After selling Money Under 30 to XLMedia in 2018 and working for the company in various roles, I said goodbye in January 2022. I took a sabbatical then began looking for an entirely different kind of opportunity. I invested in an area development contract to develop FYZICAL Therapy & Balance Centers here in Maine. After two decades of working on websites, I was drawn to a brick-and-mortar business with the potential to make a face-to-face impact in patients’ lives.
Not six months later, I learned that XLMedia, under financial pressure, was looking to divest its personal finance division. I ended up buying Money Under 30 back. I’ll post soon about why I did so.
The recipe for Money Under 30’s success was the right ratio of creativity, financial expertise, and compassion for my audience. XLMedia’s recipe was monetization, monetization and monetization. Ever since, traffic to the site has been in steady decline, and for good reason.
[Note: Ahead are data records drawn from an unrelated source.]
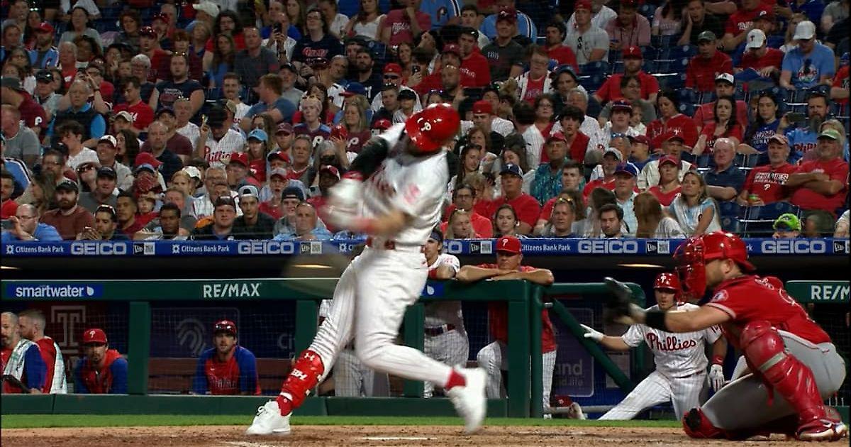 В 5 иннинге Брайс Харпер своим хоум-раном (11) отправил Кайла Шварбера и Риса Хоскинса в дом.Затем Ник Матон выбил трипл (1) и Джей-Ти Реалмуто прибежал в дом.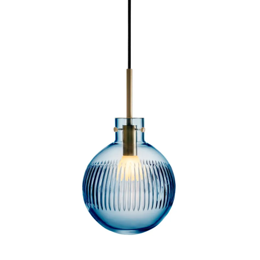 Lampen munnblåses og håndslipes på Hadeland Glassverk, der flere enn syv håndverkere setter sitt preg på sluttresultatet. Den dype stålblå fargen gir lampen et eksklusivt og moderne uttrykk, som gjør seg like godt alene som i en klynge over bord eller kjøkkenøy.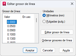 Presenta una lista con los grosores de línea de la tabla de estilos de trazado. Es posible modificar grosores de línea existentes, pero no añadirlos ni suprimirlos. Si cambia un valor de grosor de línea, también cambian otros estilos de trazado que utilicen grosor de línea.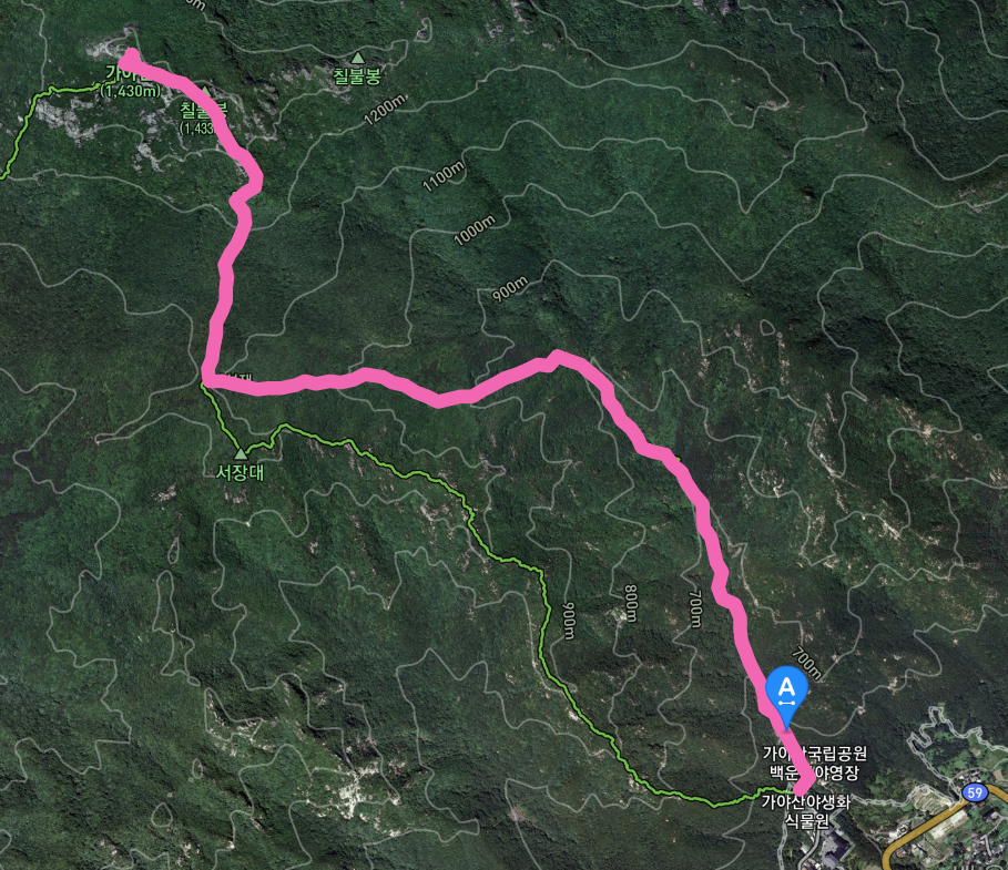 등산코스 : 백운동 탐방지원센터 → 서성재 → 칠불봉 → 상왕봉(가야산 정상)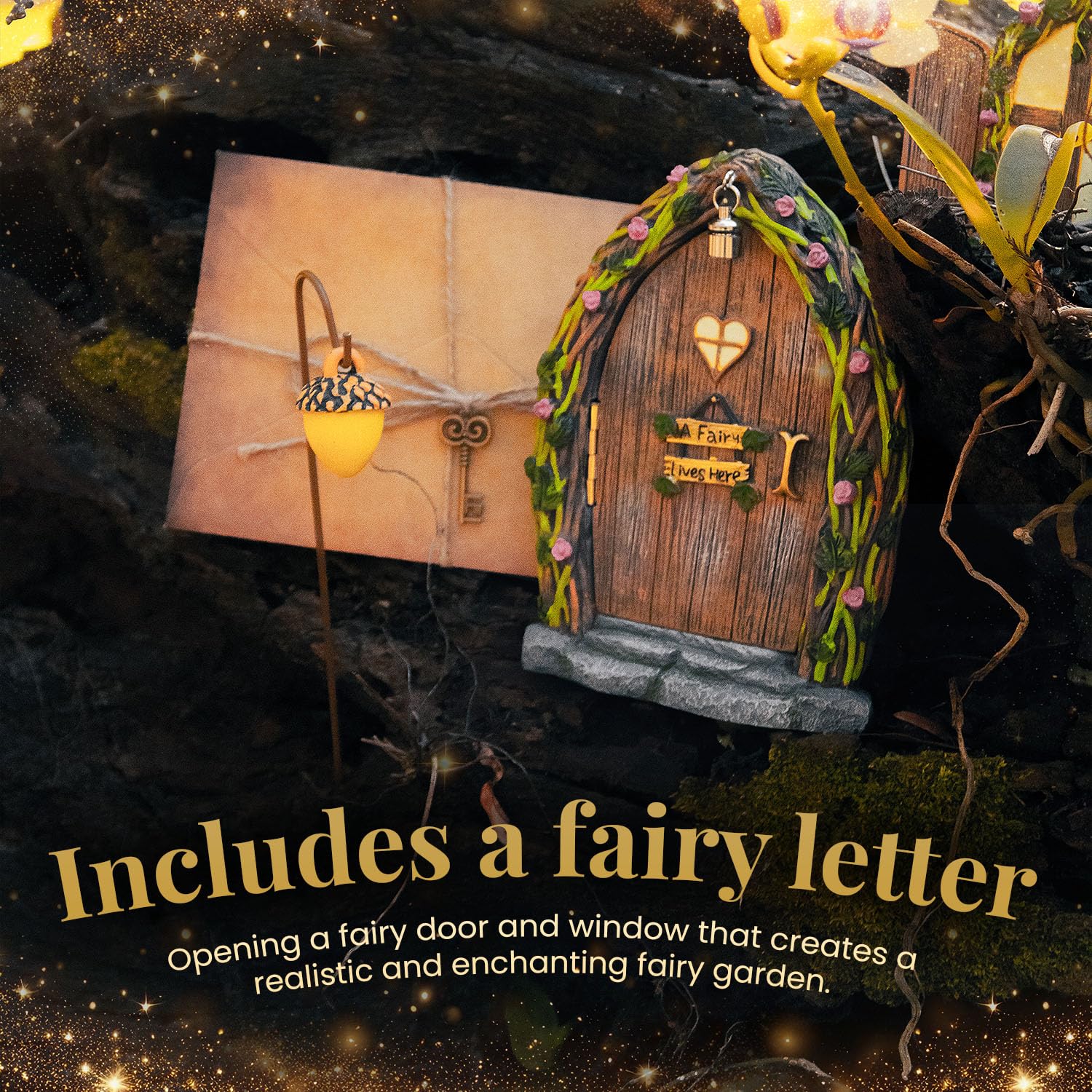 - Glows in the Dark: This fairy door is beautifully hand painted and sculpted with realistic details and a natural woodland look, with climbing vines, roses and A Fairy Lives Here sign; It includes a fairy door that opens and has a light, also one glow in the dark window and a little bird house which will collect sunlight during the day to give your garden a whimsical look at night; It looks absolutely magical nestled at the base of a tree or hidden in the bushes for the little ones to find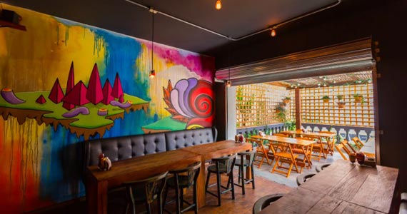 Instalações elétricas e hidráulicas aparentes por cima de madeira e tijolinhos à vista. Telas aramadas nas paredes, decoração com luzes indiretas e grafites coloridos. Mesas com sofás e almofadas confortáveis, reunidos num ambiente com 32 lugares sentados, incluindo um bonito bar na entrada. Esse é o cenário do Come On Burger!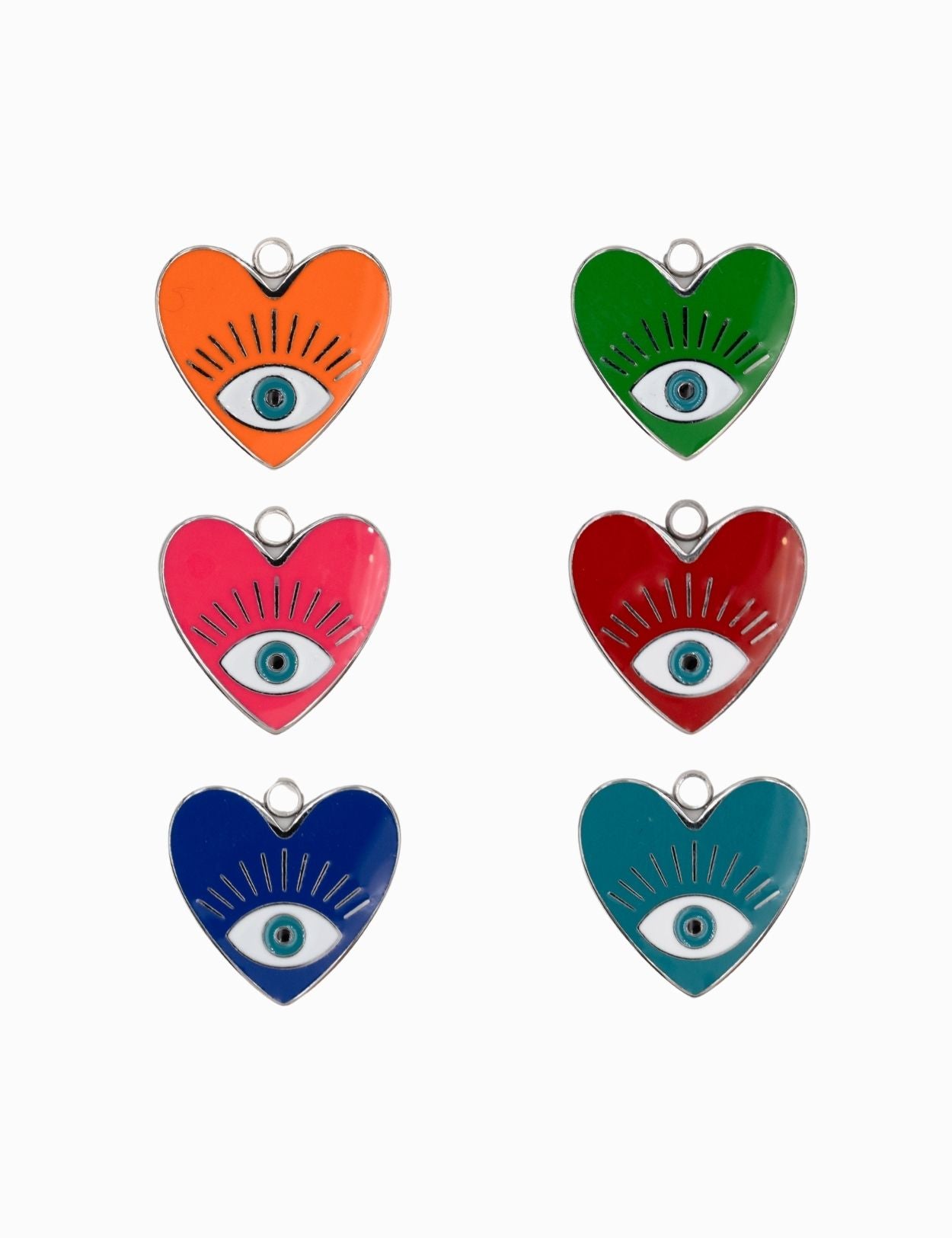 Pendentifs coeur oeil résine époxy 22x10mm- Lot mélangé Rhodié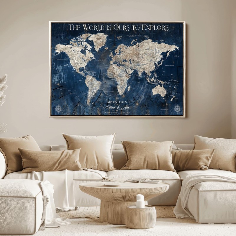 Crafted on museum-quality canvas using UV-resistant inks, this piece offers both durability and high-definition detail. Unlike generic prints, your names are elegantly incorporated into the design, creating a keepsake that captures the essence of your shared travels, love story, or future plans.
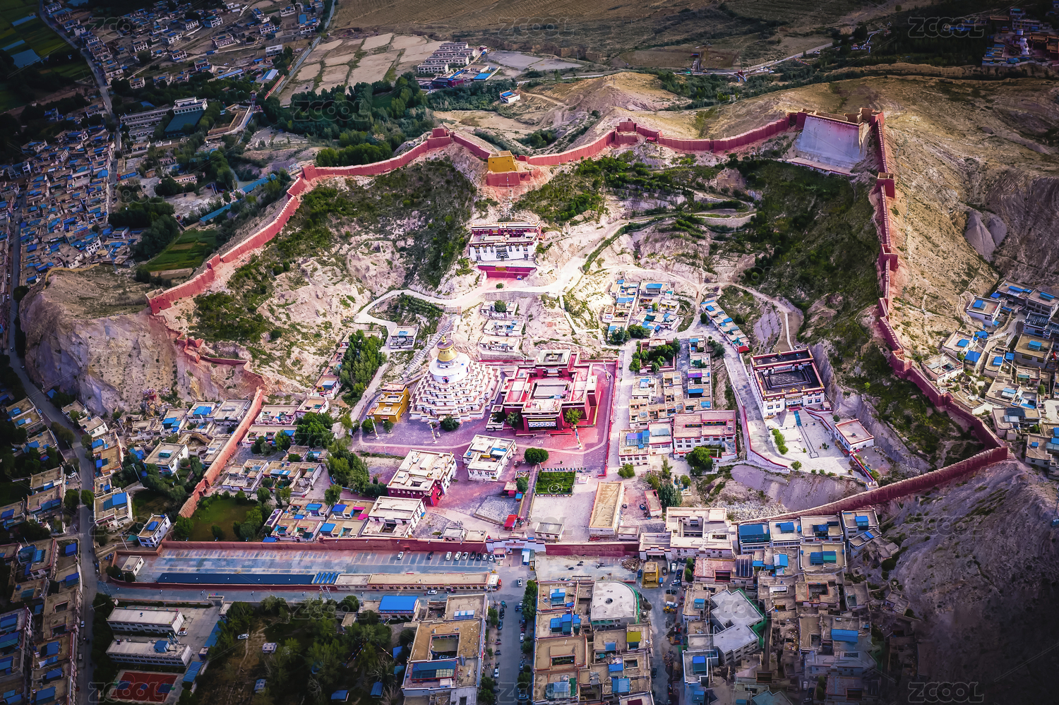 航拍中国西藏拉萨市达孜区扎耶巴寺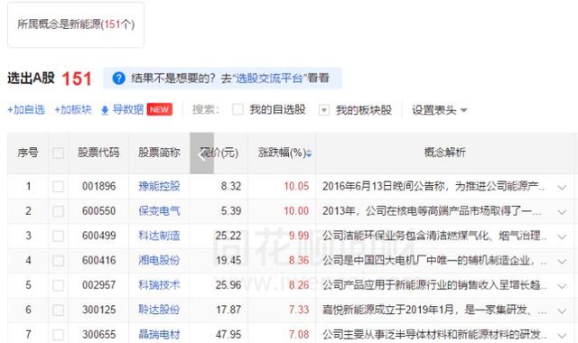 3)最后就是输入关键字了,比如说想查找【新能源概念】,就能从中选出这些有新能源相关资讯的公司,其中【概念解析】一栏里面会有这些信息的重点内容

I do not know if I can return Money Under 30 to growth. In 2024, it’s a tall order for any website that relies on search traffic from Google as AI rapidly changes the way we ask questions and discover content online. But, by the end of this year, I hope to have restored the site to a place where I’m again proud to be its founder.
In parallel, I continue to support the development of FYZICAL franchisees in Maine. FYZICAL locations are now open in Portland and Bangor, with three additional protected territories sold in Maine.
Deciding to invest in — and now owning — these two businesses has forced a lot of personal growth over the past 18 months. I have more confidence around how I want to spend the rest of my career. Although I’m still working on the details, I am hoping to build a business or a practice around my interests in:
- The relationships among money, consumption, and happiness.
- Financial trauma and how our childhood experiences can create lifelong financial dysfunction.
- New retirement rules: Why balancing a lifetime of work and leisure beats working 30 years then stopping altogether.
- “Mindful money”: How to reconcile the Buddhist teachings of non-attachment and the cessation of desire with the Western experience of living in societies fixated on material accumulation.